Il famoso zio d’America?
«Non credo, magari è un poveraccio (ride, ndr)».
Come nasce la tua idea?
«L’uccello è nato per caso: durante una serata di “svago” ho disegnato questo omino con il naso appuntito che sembrava un becco e così ho deciso di trasformarlo in un uccello. L’ho disegnato più e più volte finché è diventato quello iconico di oggi, semplice e immediato. La gente si è affezionata e anche io. Molti credono sia un piccione o un pollo ma è un pennuto random».
Ci racconti della tecnica che adoperi?
«La mia fortuna è stata che qualche anno fa presi un iPad e iniziai a lavorare con dita su touch screen con un’applicazione che si chiama Paper by FiftyThree. Qualcuno mi ha notato e hanno iniziato ad affidarmi delle commissioni. Allora mi sono detto: Cavolo! Riesco a lavorare come illustratore! Per 2/3 anni ho lavorato solo con le dita, pure i libri ho realizzato così. Adesso uso la penna su iPad».
Il contenuto è nichilistico ma i colori caldi. Perché?
«In realtà sono anche romantico: sono un uomo d’amore anche se non si direbbe. La scelta dei colori, come dello stile in generale, è volutamente minimal, legata agli studi di Graphic design.
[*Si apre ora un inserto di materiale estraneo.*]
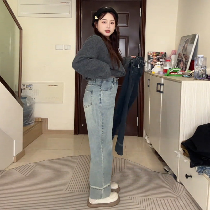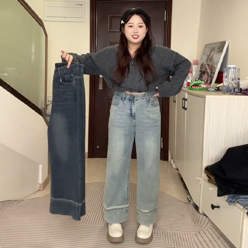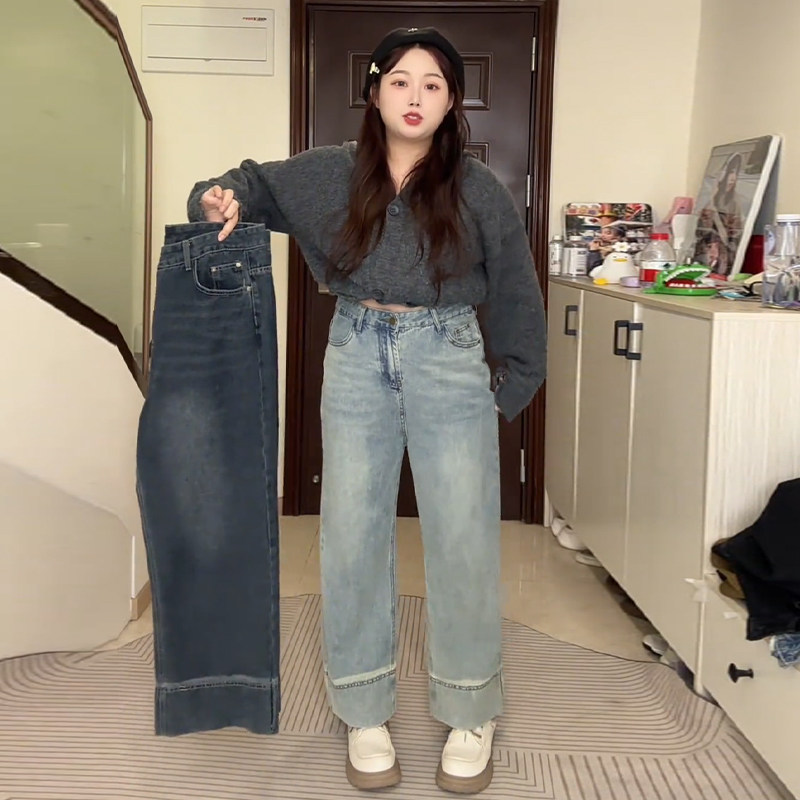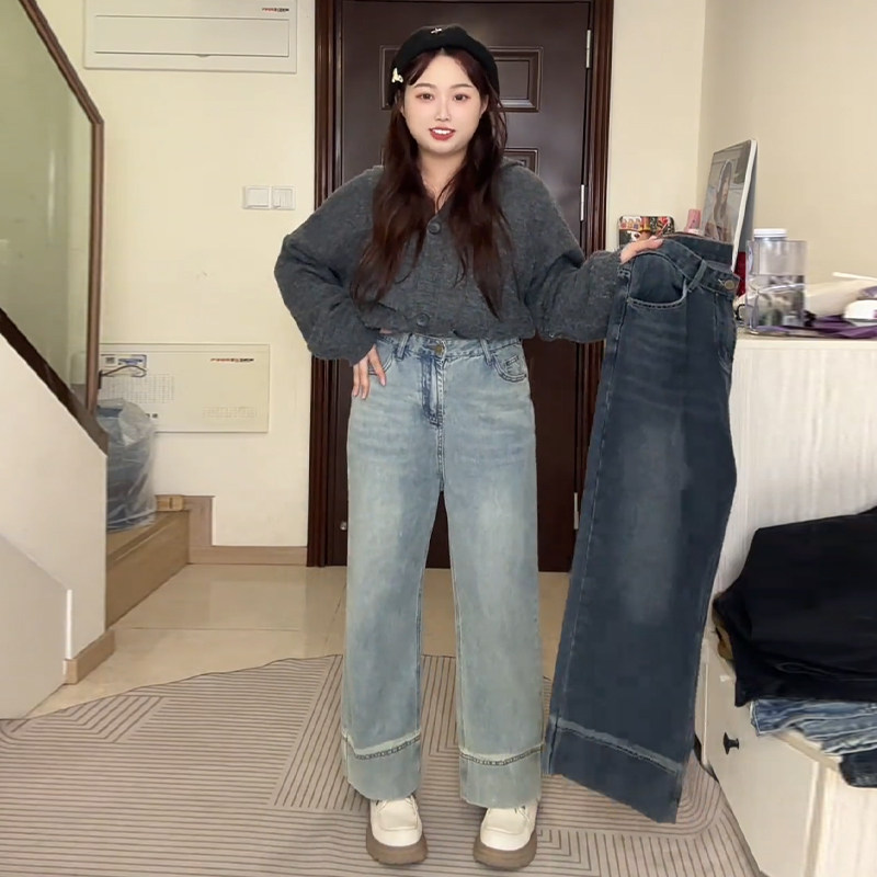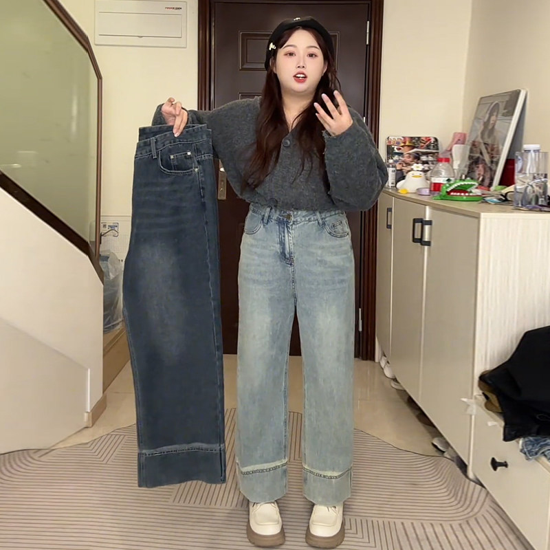 Large size American retro jeans for women in spring, fat mm, slim, loose straight nine-point pants, wide-leg pants, high-waisted pants

Non ci sono motivi particolari, l’importante per me erano i contenuti».
A tal proposito, leggendo qualche vignetta è facile immedesimarsi in L’assenzio, l’olio su tela di Edgar Degas. Come mai?
È un sentimento comune, il pubblico si sente parte delle vignette: siamo tutti esseri umani, vogliamo tutti le stesse cose ed è inevitabile ritrovarsi. Più riesci a rappresentare un’emozione e a trasmetterla, più sei bravo. Bisogna poi trovare le parole giuste, pure per la battute stupide. Tutto dipende da come ti esprimi.
Cosa rappresenta quindi Labadessa?
«La mancanza di senso della nostra esistenza. È questo il pensiero che tormenta il protagonista. Ci sentiamo tutti speciali ma in realtà niente di quel che facciamo ha senso. È tutto un gioco, pure questa intervista. Campiamo 100 anni senza dare senso alla nostra vita».
Vorresti vivere 100 anni?
«Io vorrei vivere in eterno, perché a questo punto mi piacerebbe riuscire a capire qualcosa in più dell’universo, per questo vorrei essere immortale. Mia mamma dice che si vive per restare immortale nella vita delle persone. Per me però non si vive nei ricordi degli altri: quando muori non è che poi stai nella testa di uno e fai Uh ciaooo!»
Progetti futuri?
«Come illustratore faccio diverse cose ma continuo a dedicami molto all’uomo-uccello. Ho due progetti tra le mani, due libri che prenderanno forma fra un po’: per ora ho corso, 3 libri in 3 anni».